Con 38 años perdió tanto su fortuna como el favor del rey. Los acreedores se lanzaron como fieras sobre él. Brummell no salí­a de su casa sino de noche, ya que de dí­a ésta se encontraba rodeada de zapateros, joyeros, sastres y comerciantes de vinos. Se dice que en diez años habí­a gastado más de un millón en corbatas, pantalones y casacas. Sus muebles se subastaron y tuvo que huir de Inglaterra, dirigiéndose a Calais en Francia para evitar la prisión. Allí­ trató de seguir vistiendo con un mí­nimo decoro pero su ruina era ya completa. En Francia acabó en la cárcel. Algunos amigos trataron de rescatarlo y le asignaron una pequeña renta mensual que serví­a para pagar la habitación en una pensión.

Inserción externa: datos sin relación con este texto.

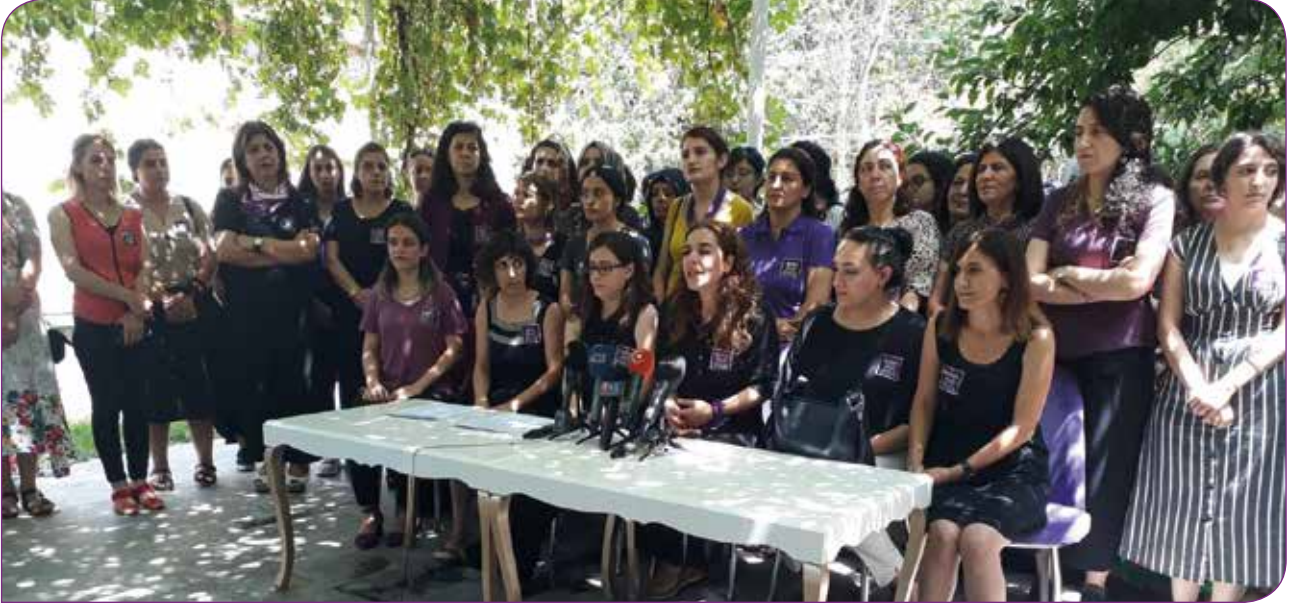
Rosa Kadın Derneği basın açıklaması sırasında

ediyor. Bu çalışmanın sonucunda hem şehrin antenleri görevini yerine getirip şiddetle etkin mücadele etmeyi hem de şehrin şiddet haritasını oluşturmayı amaçladık. Bu çalışma uzun vadede hem şiddeti önlemede etkin ve sonuç odaklı bir mücadelenin sürmesini hem de gerçek verilere ulaşmamızı sağlayacak. Ayrıca periyodik olarak iki ayda veya üç ayda bir şiddet ağının yaptığı her çalışmayı basın önünde kamuoyu ile paylaşma kararı aldık.

Se trasladó a Caen, no siendo ya ni sombra de lo que habí­a sido. Dejó de vestirse, bañarse y afeitarse. Perdí­a constantemente la memoria, vestí­a pobremente y hablaba consigo mismo. De noche, en un mí­sero cuarto de la pensión, organizaba simulacros de las grandes cenas que habí­a vivido. Después de dos apoplejí­as de origen sifilí­tico, el bello Brummell murió en un manicomio de Caen el 24 de marzo de 1840 a la edad de 61 años.

Aquel que fuera árbitro de la moda masculina británica, murió loco y lejos de todos. A pesar de ello, su nombre todavía está asociado con el estilo y la buena apariencia y se le ha dado a una variedad de productos modernos para sugerir alta calidad.